На каких мыслях был сосредоточен Алексей Турбин — Хмелев, режиссер не пишет. Между тем есть возможность заглянуть и в эту „святая святых“ актерского искусства. В Музее МХАТ сохранилось несколько листочков с записями Н. Хмелева, которые приоткрывают внутреннее состояние молчаливого и подтянутого, как струна, кадрового русского офицера, отделенного даже от своих домашних какой-то непроницаемой завесой. Вот эти записи, носящие явные следы бесед с Булгаковым и внимательного чтения „Белой гвардии“.

„Постаревший с 25 окт. 1917 г. ‹…›

Верующий

Не Петлюра, так другой, третий. ‹…› Крестоносцы.

В душе Алексея — мрак, склеп, вьюга.

Правой рукой поддерживает ручку браунинга…

Весело оглядел ряды (нарочно)

Кого желаете защищать? — грозно. Дивизион, смирно (рявкнул). Слушайте, дети мои (сорвавшимся голосом) не разрешаю — вежливо!!! и спокойно.

Косит глаза. На Николку бешено загремел (Беги!)

По-больному оскалился неуместной улыбкой.

Глаза к небу. Нижняя челюсть двигалась. 3 раза“.

Эти детали, доходящие до клинической точности, осмысливались в плане крушения всей системы ценностей. „В глазах тревога определенная, когда все ясно, определенно и погано.
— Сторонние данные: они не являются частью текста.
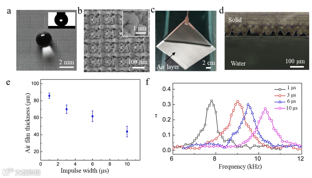 荷叶具有季节依赖性、结构脆弱性、物理参数难以调控等弱点。而且,其自身本征振动会对增强效果产生不良影响,因此寻找替代性人工材料具有重要的实用价值。为此,他们选用了超疏水铝片。首先,铝的模量比荷叶大五个数量级以上,可以忽略自身振动模态对透射效果的影响。其次,铝片的可加工性很强,可以灵活地改变自身质量和表面疏水微结构,从而灵活调控工作频率。作者分别用激光刻蚀、湿法刻蚀和喷涂发制备了不同的超疏水结构,展示了其在不同频率下的增透效果。结果如图3所示,其声学透射效果视频2所示,当超疏水结构面朝向水时,可捕获气层形成超表面,其声压透射为600 mPa,当不存在铝片或者超疏水面背向水时,无法捕获气层来构成超表面,声压透射为40 mPa,表明了超疏水效应引起的声学增透效果。
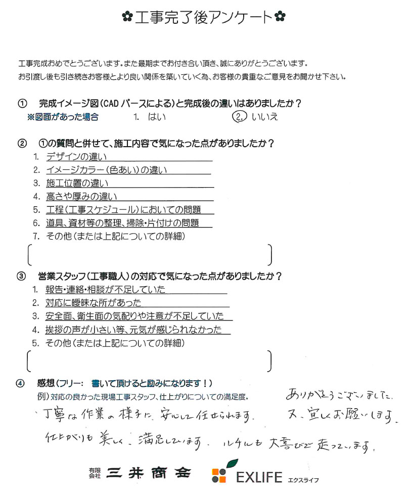 お客様の声「仕上がりも美しく、満足しています」玉野市M様
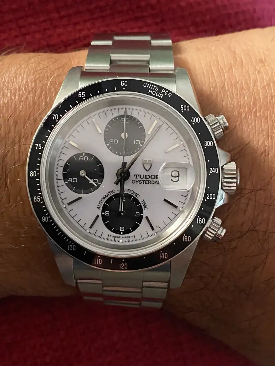 Tudor describe este dial blanco en particular como un dial de estilo esmalte. Algunos coleccionistas también lo llaman dial de porcelana, ya que tiene las mismas características que el dial de porcelana del Rolex Daytona (que es aproximadamente 20 veces más valioso), y déjame decirte que este Tudor es igualmente impresionante. Ese brillante y reluciente dial blanco de estilo esmalte presenta subesferas ‘Panda’ con un hermoso acabado circular Guilloché, cuyo tono cambia ligeramente dependiendo del ángulo de visión, pasando del negro a un tono casi antracita, aportando una gran profundidad al dial. ¡Realmente impresionante!

Расстегнута кобура револьвера. Левая рука — на эфесе шпаги, а правая, без перчатки, на кобуру. Уверенный голос. Лицо красными пятнами, дергает ртом. Уверенность“.
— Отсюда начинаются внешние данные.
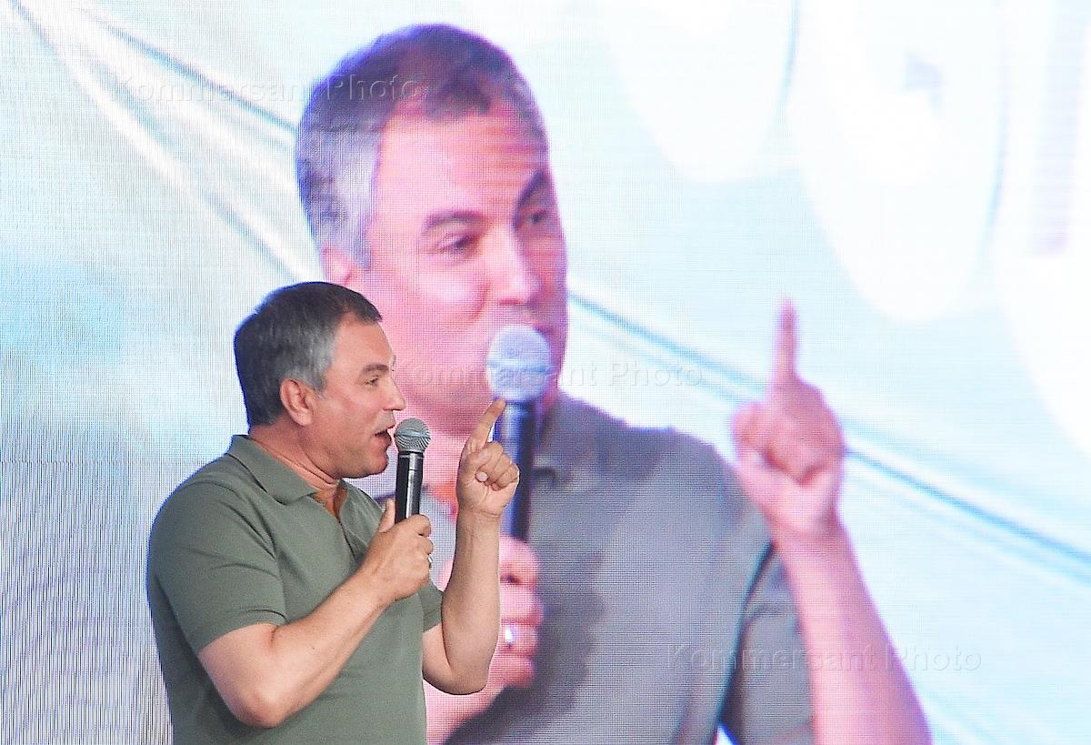 Всероссийский молодежный образовательный форум "Территория смыслов на Клязьме". Председатель Государственной думы России Вячеслав Володин во время выступления перед участниками форума.

Внутренняя сила верующего человека метила Турбина особым знаком, приковывала к нему общее внимание, поднимала над окружением, обеспокоенным тем, что происходит в текущую минуту. Турбин — Хмелев вглядывался в даль, в метель за окном, пророчил встречу с иной, гораздо более грозной исторической силой и в победу не верил. „В этом наигранном и непрочном покое и горящих мрачным огнем глазах, окруженных траурными тенями, была скрытая тревога, с трудом подавляемое смятение, тоска приговоренного“, — напишет через двадцать лет В. Виленкин.

В подробной анкете об искусстве актера, которую Хмелев заполнял в 1929 году, он укажет еще на несколько моментов, важных для понимания булгаковского героя. „Для „Дней Турбиных“ я очень много читал Достоевского и Чехова, и то и другое, вместе взятое, стало булгаковским“. Рядом с этим признанием, объясняющим связанность турбинской внутренней жизни с более широкой темой русского культурного сознания, идет вторая существенная характеристика: „В Алексее Турбине уже есть это общечеловеческое, в нем специфически характерного ничего нет“ 4.

„Общечеловеческий“ план героя вызывал острое раздражение. Сама возможность психологического или культурно-исторического подхода к полковнику Алексею Турбину казалась еще недопустимой. Офицерские погоны героя производили на пишущих гораздо более сильное впечатление, чем горящие мрачным огнем глаза. Смотрели на погоны, а не в глаза, что было вполне естественно для людей, отделенных шестью годами от взятия Перекопа. Подводя итоги дискуссии, В. Павлов в нашумевшей антимхатовской книжке „Театральные сумерки“ сформулирует главный неприемлемый принцип спектакля: „Дни Турбиных“ в редакции МХАТ… исчерпывающе обнаружили свое старое русско-интеллигентское мировоззрение» 5.

Автору этих строк один из критических собратьев присвоил тогда звание «самого слепого стрелка в СССР». В данном случае стрелок углядел нечто важное, хотя критический «выстрел» совершенно не рассчитал: он не заметил, как внутреннее течение спектакля это «старое русско-интеллигентское мировоззрение» расщепляло и опрокидывало, вскрывало его явную недостаточность в новых обстоятельствах истории. Мечты Лариосика о покое, спроецированные на чеховский текст, либеральное понимание личности («Елена Васильевна… заслуживает счастья, потому что она замечательная женщина») — весь этот сгусток «русско-интеллигентского» сознания вызывал горькую улыбку создателей спектакля. Дело шло о том, как сопрягаются старые понятия и представления с новой реальностью и новым пониманием вещей.